Press "Enter" to skip to content

Author: Kevin Feasel

Weights In Graphs

Angshuman Talukdar shows how to use neo4j to solve minimum weighted distance problems:

A sample dataset is created in Neo4j using the CREATE clause in Cypher as given in Query 1 (create clause in Cypher). This loads the data into Neo4j and generates the graph database as shown in Figure 2.

Neo4j has a lot of graph algorithms shipped with it as a package and those are accessible only from the JAVA API. Implementing some of these algorithms in Cypher is quite complex and time consuming. From Neo4j 3.x, the concept of user defined procedures had been introduced called APOC (Awesome Procedures On Cypher). Those are custom implementations of certain functionality, that can’t be (easily) expressed in Cypher itself. The APOC library consists of many (about 300) procedures to help with many different tasks in areas like data integration, graph algorithms or data conversion.

Graph databases aren’t common, but they can be very useful for certain questions like the one Angshuman solves.

Comments closed

R Plots In Power BI

Leila Etaati has a three-part series on displaying R visuals in Power BI.  Part 1 shows how to create a scatter plot:

so in the above picture we can see that we have 3 different fields that has been shown in the chart :highway and city speed in y and x axis. while the car’s cylinder varibale has been shown as different cycle size. However may be you need a bigger cycle to differentiate cylinder with 8 to 4 so we able to do that with add another layer by adding a function name

Part 2 shows how to use facet_grid to show multiple plots in one visual:

now I want to add other layer to this chart. by adding year and car drive option to the chart.
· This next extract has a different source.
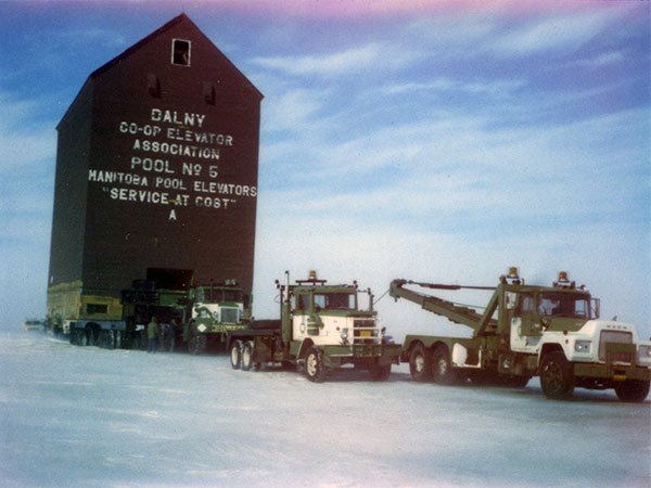 A wooden grain elevator at the railway siding of Dalny, on the CPR Lyleton Subdivision in the Municipality of Two Borders, was formerly operated for Manitoba Pool Elevators by one of the original seven Cooperative Elevator Associations established in 1925. Founding officers of the association were E. C. Ramsay (President), William Henry Carlton (Vice-President), Edwin John Kontzie (Secretary), Charles William Kontzie (Director), F. E. Thompson (Director), Gus W. Neumann (Director), and William Whittle Palmer (Director). Between 1951 and 1952, the original elevator was converted to an annex on the west side of a newly built elevator. An additional crib annex was built on the east side in 1956, increasing the facility's total capacity to 100,000 bushels. In 1982, the newer annex was moved to Goodlands. The facility was closed in July 1983 as the railway line was abandoned and the rails were removed. The elevator and its old annex were sold to a local farmer who uses them for private grain storage.

To do that first choose year and drv  from data field in power BI. As I have mentioned before, now the dataset variable will  hold data about speed in city, speed in highway, number of cylinder, years of cars and type of drive.

I am going to use another function in the ggplot packages name “facet_grid” that helps me to show the different facet in my scatter chart. in this function, year and drv (driver) will be shown against each other.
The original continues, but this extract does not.